**Task requirements**
All of the records below need to be written out exactly, but without the pictures.

**Task data**
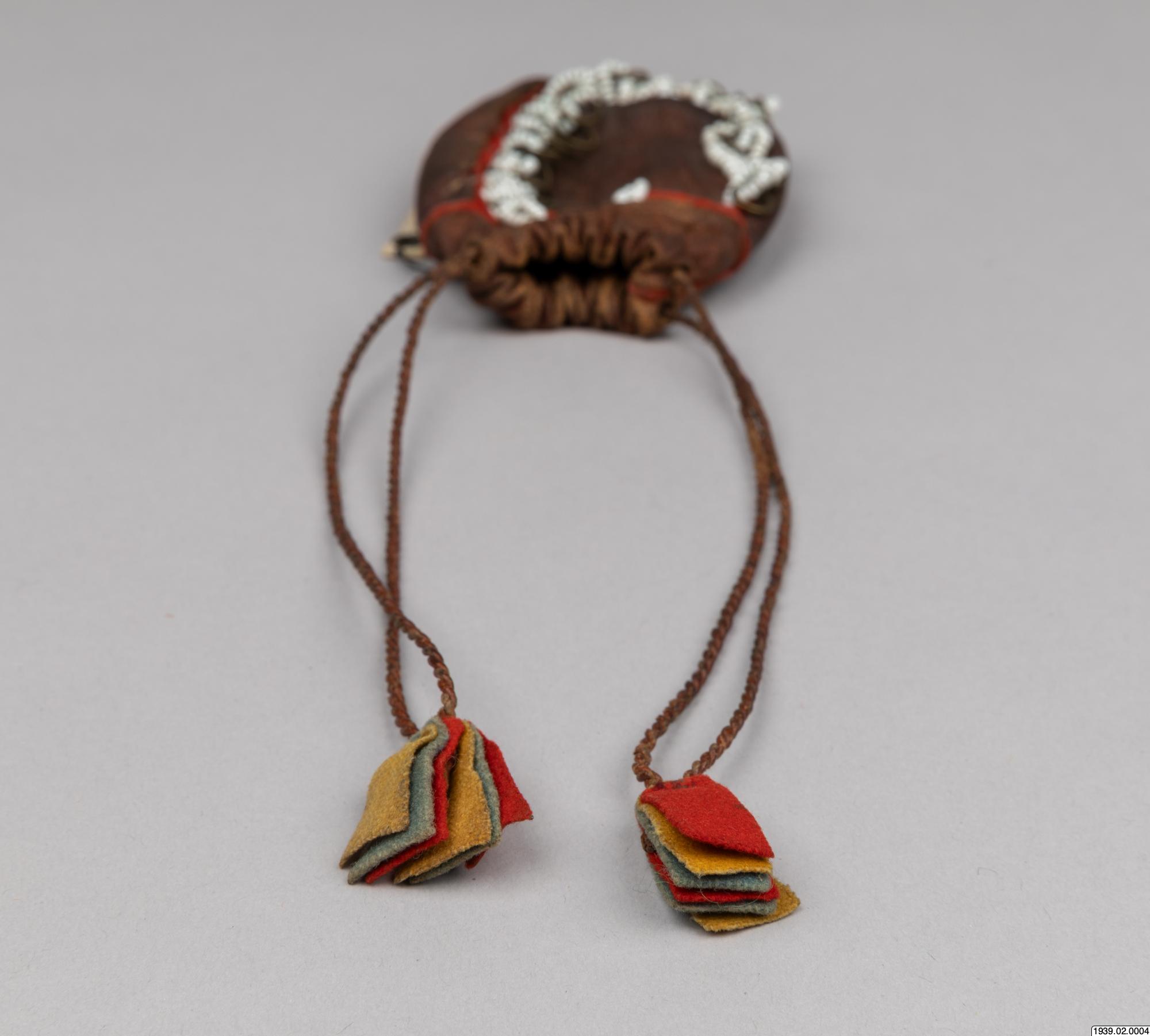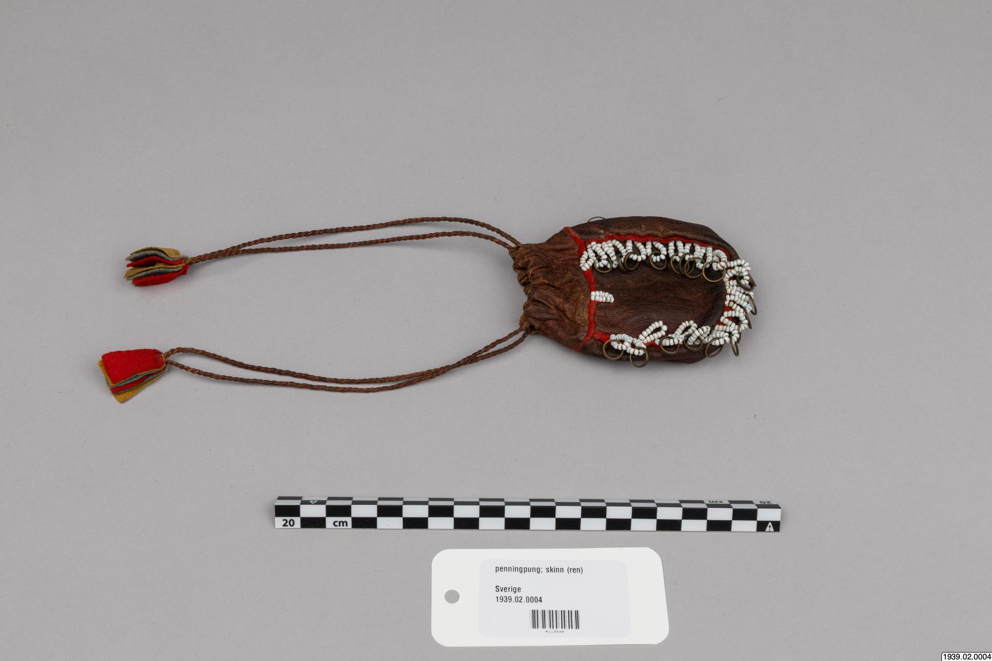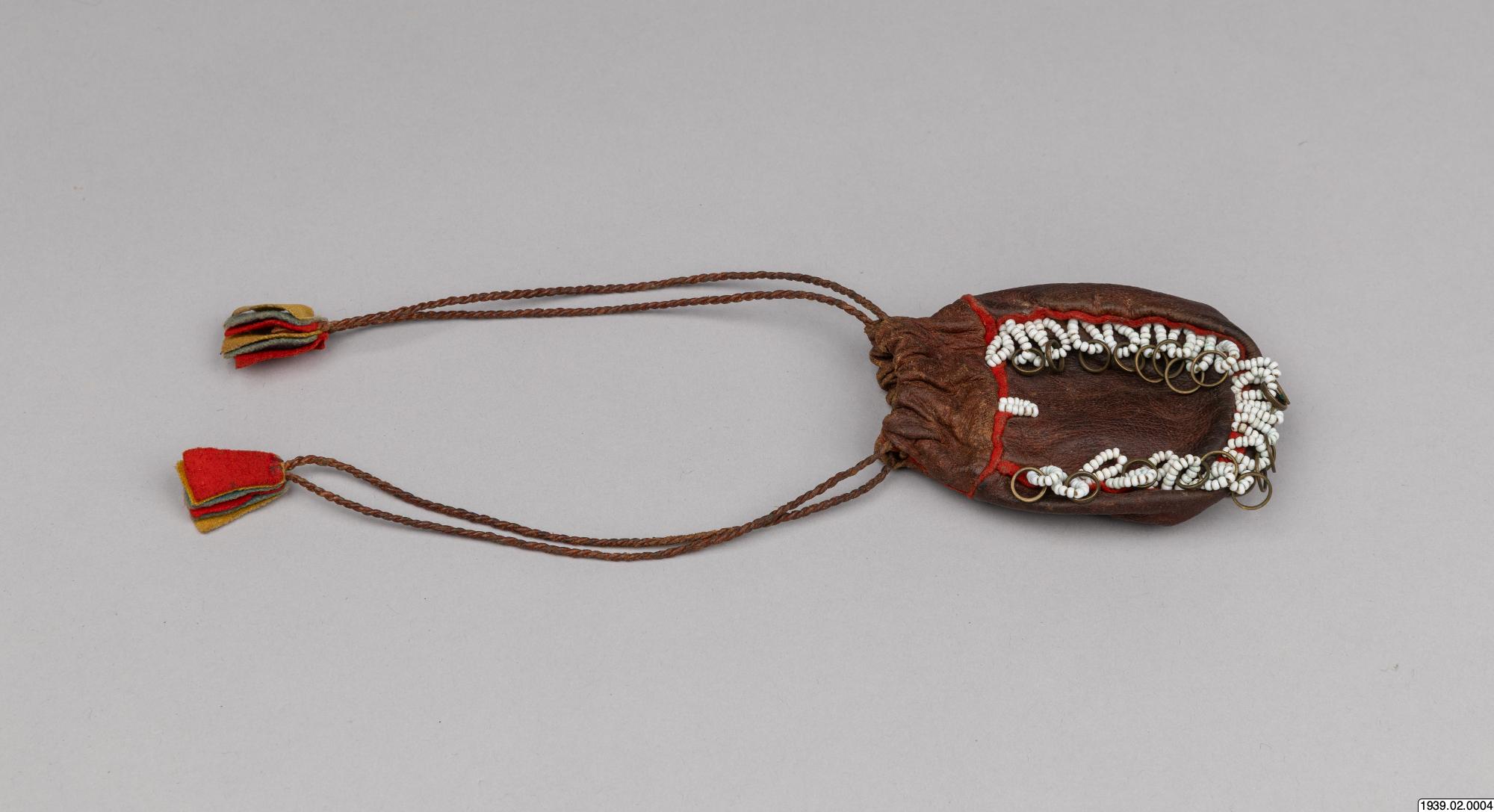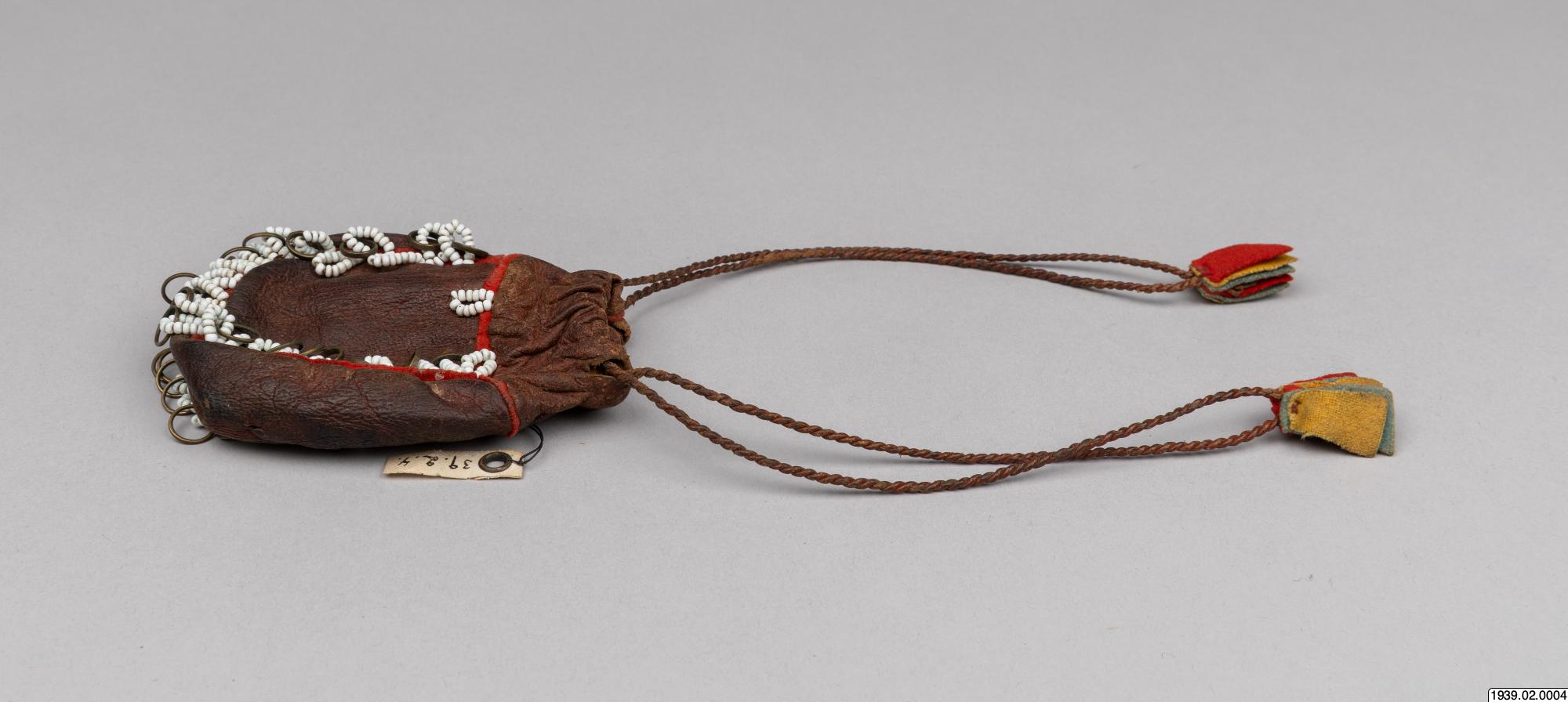 Penningpung av läder m. påsydda glaspärlor o. kopparringar. Att fästa vid bältet t. kvinnolappdräkten. Inköpt den 9 januari 1939 från lappmannen Torkel Larsson, Storvallen, Funäsdalen.
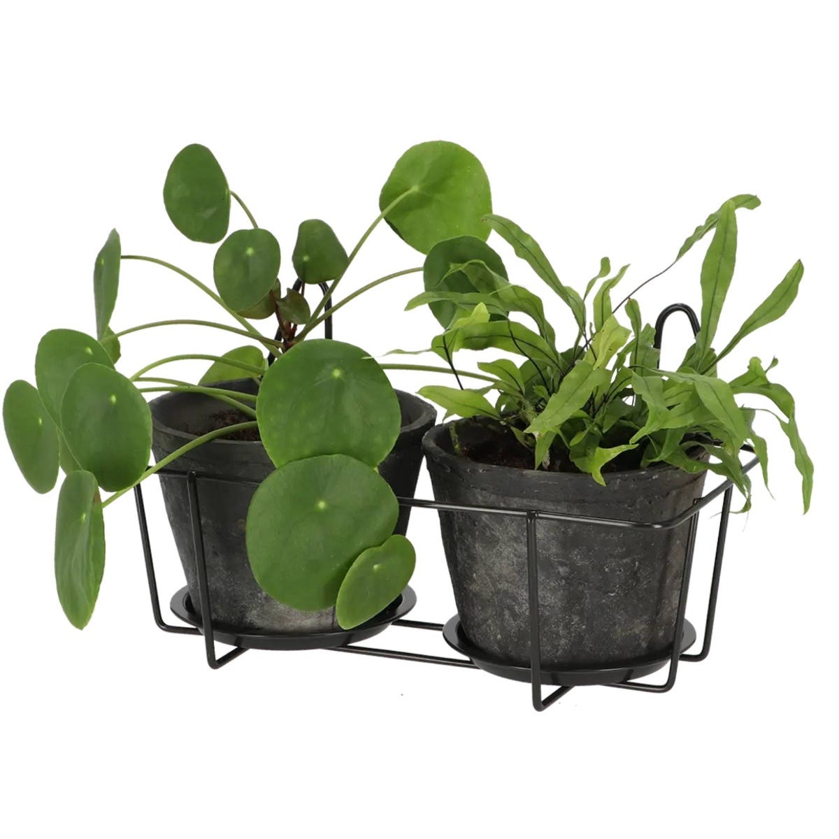 Holds two planters in one compact holder
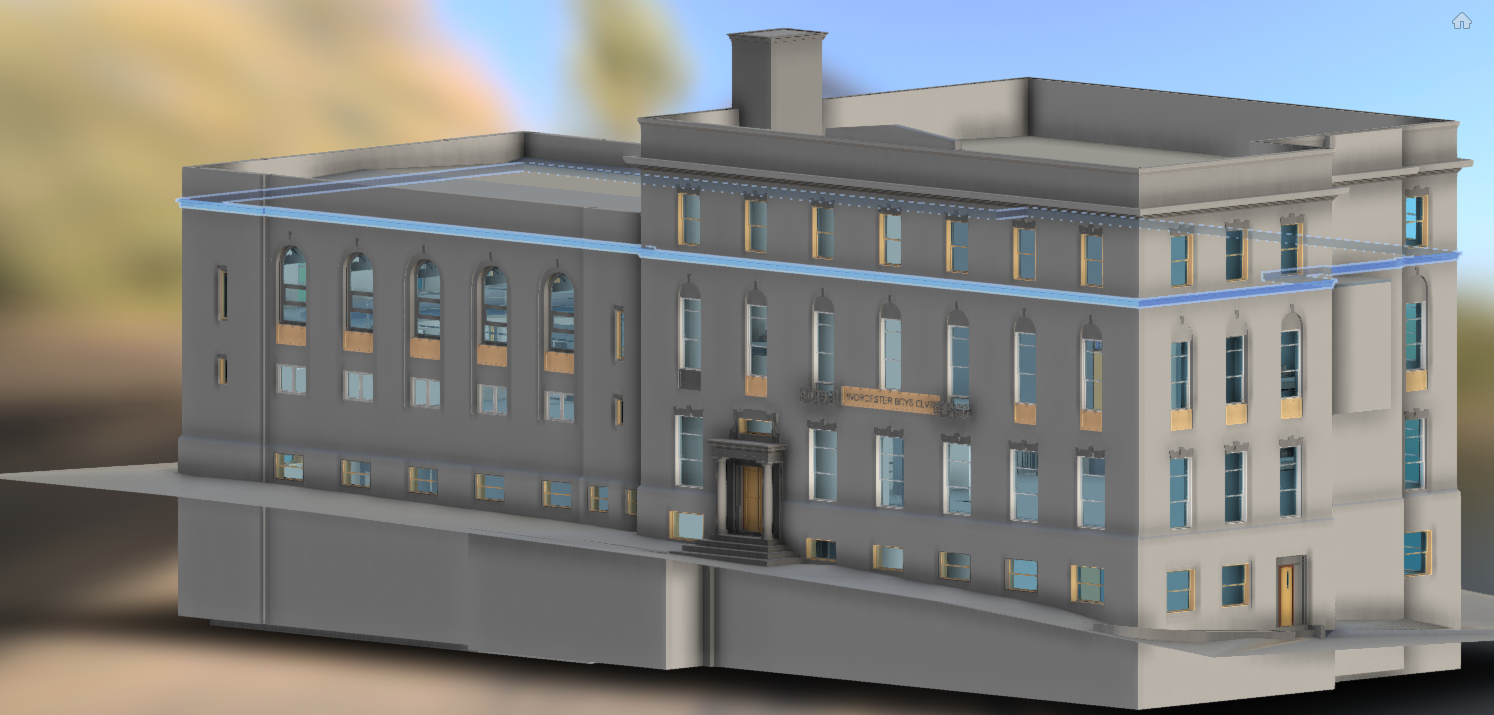Full‐scale Revit models for Cabot House (exterior + select interiors) and supplemental interior/exterior models for Holmes Hall, Bertram Hall, and Eliot Hall
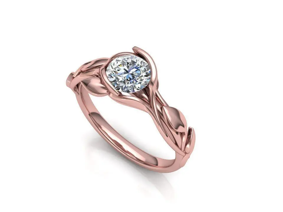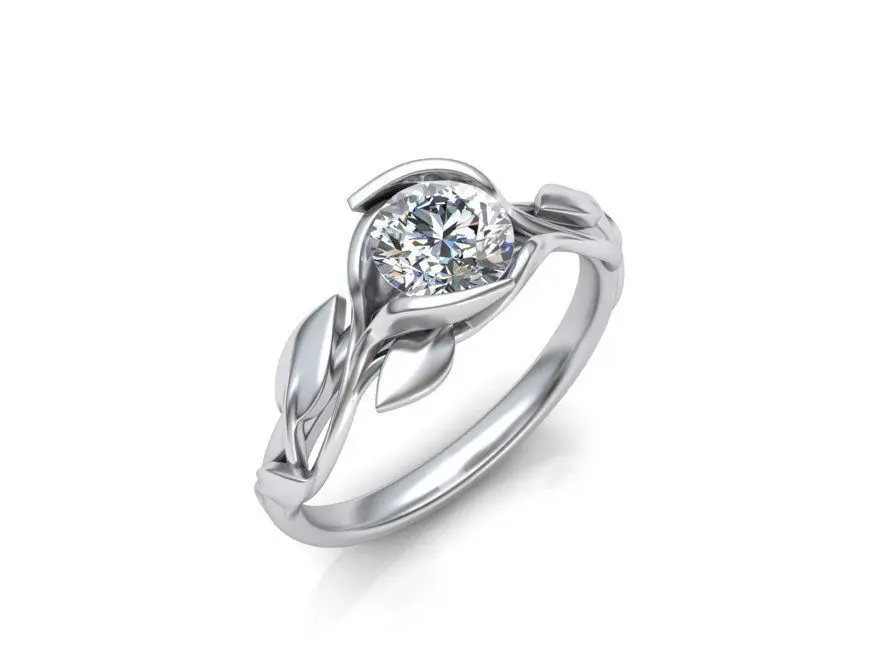 Leaves 6mm stone Engagement ring Printable 3d model 3D print model
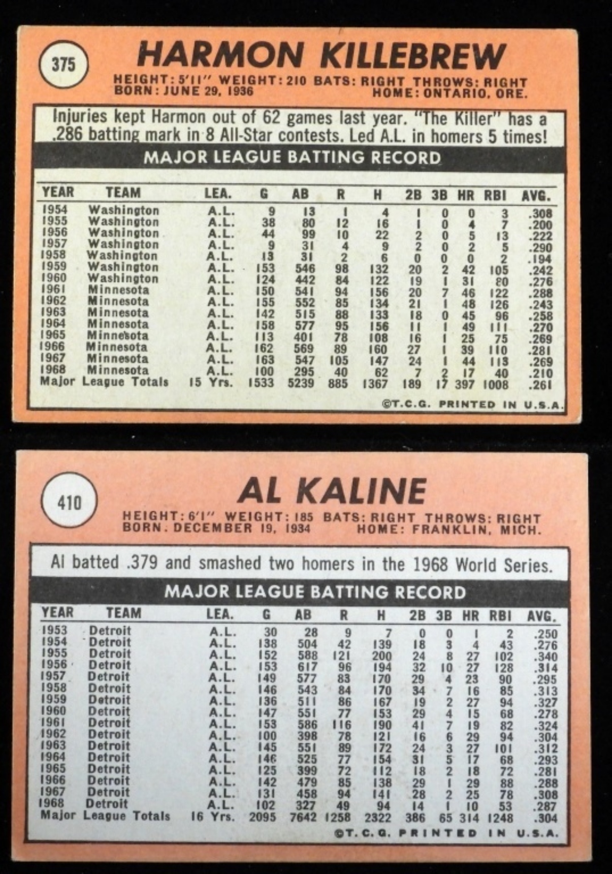 1) #375 Harmon Killebrew (slightly rounded corners) 2) #410 Al Kaline

**Result**
 Penningpung av läder m. påsydda glaspärlor o. kopparringar. Att fästa vid bältet t. kvinnolappdräkten. Inköpt den 9 januari 1939 från lappmannen Torkel Larsson, Storvallen, Funäsdalen.
 Holds two planters in one compact holder
Full‐scale Revit models for Cabot House (exterior + select interiors) and supplemental interior/exterior models for Holmes Hall, Bertram Hall, and Eliot Hall
 Leaves 6mm stone Engagement ring Printable 3d model 3D print model
 1) #375 Harmon Killebrew (slightly rounded corners) 2) #410 Al Kaline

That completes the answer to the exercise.